Em 2020, ainda ocupando uma grande área na Vila Assis, em Sorocaba, encontramos a mesma filosofia desde 1924 como um orgulho das gerações Sola. Rennê Sola, um dos filhos do Pedro, comanda essa histórica olaria. Ele traz consigo o DNA do pai e da mãe, cuja herança maior foi transmitida em uma educação de respeito humano.

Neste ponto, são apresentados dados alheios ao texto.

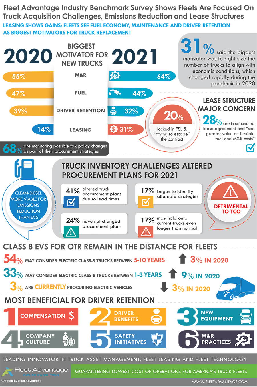 Fleet Advantage, an innovator in truck fleet business analytics, equipment financing and lifecycle cost management, released its latest fleet industry benchmarking survey showing how trends in fuel economy, maintenance, environmental concerns and procurement strategies have changed this past year.

Nas redes sociais em postagens de amigos sobre a história da Olaria Sola, respondendo uma pesquisa que realizei, encontrei mensagens emocionantes, como essas: “eu pegava pedaços de tijolo fresco para brincar”, contou Sônia Regina Marques Leite. Antonio Carina Ferreira Siqueira, conta que trabalhou na olaria em 1962. A Cassia Costa relata: “faz parte da minha infância. Na década de 60, morávamos bem próximos da olaria. Minha avó e minhas tias moravam ao lado da cerâmica. A criançada toda ia brincar na beira do rio Sorocaba e tínhamos que passar por dentro da olaria para chegarmos até lá. Bons tempos”. A lembrança do Valter Prado Bernabé: “nadei muito na lagoa do Pedro Sola. Jogava bola no campo do América e nadava na lagoa”. Jairo Sanches Molina se recorda que o número do telefone da Olaria Sola era 186. Na época das telefonistas e com três dígitos. Hoje os telefones contam com oito dígitos e mais o DDD. Evolução de 1924 até 2020 também na telefonia e nos tijolos e telhas produzidas nas mãos dos oleiros e, agora por máquinas eletrônicas digitais.